About solving the problem with the empty language case in the hash map, I think that handling the case separately is probably the simplest and cleanest way. Other possible solutions like STL maps required operator overloading, or using STL vectors required creating (language, result) tuples and checking for existing (language,*) entries. Could be done but this seems to be quite simpler.

Any suggestions are welcome, and thank you for the style information on the static objects.
Comment 72 Alexey Proskuryakov 2010-10-28 10:59:44 PDT
Thanks Leandro! I don't have any complaints about this patch.
Comment 73 Alexey Proskuryakov 2010-10-28 11:01:49 PDT
STL containers generally require exceptions to be enabled, so we cannot use them in WebKit (we sometimes use them in separate tools).
Comment 74 Leandro Graciá Gil 2010-10-28 11:12:43 PDT
(In reply to comment #73)
> STL containers generally require exceptions to be enabled, so we cannot use them in WebKit (we sometimes use them in separate tools).
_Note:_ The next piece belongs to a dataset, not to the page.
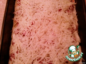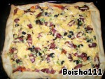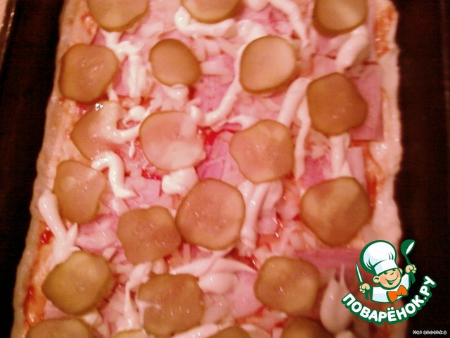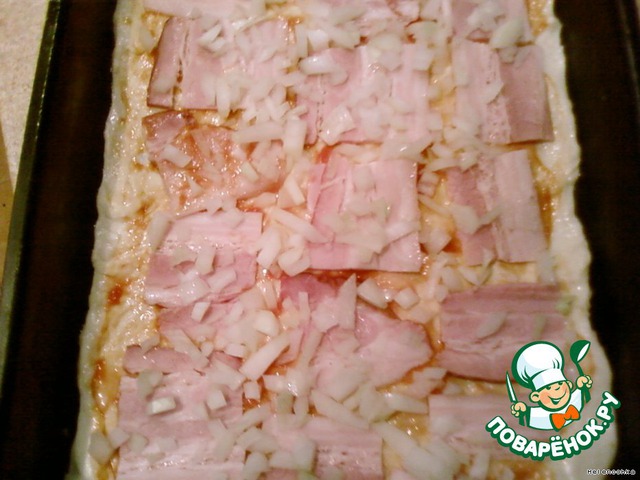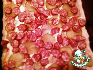 Тесто распределить по форме пальцами (как можно тоньше) и смазать кетчупом или томатной пастой. Далее слоями:

Good and useful to know. Thank you for your help.
Comment 75 Leandro Graciá Gil 2010-10-29 04:49:04 PDT
Created attachment 72316 [details]
Patch
Comment 76 Jeremy Orlow 2010-10-29 04:53:26 PDT
Comment on attachment 72316 [details]
Patch

rubber stamp...again
Comment 77 Satish Sampath 2010-10-29 05:00:17 PDT
Comment on attachment 72316 [details]
Patch

Clearing flags on attachment: 72316

Committed r70863: <http://trac.webkit.org/changeset/70863>
Comment 78 Satish Sampath 2010-10-29 05:00:36 PDT
All reviewed patches have been landed.  Closing bug.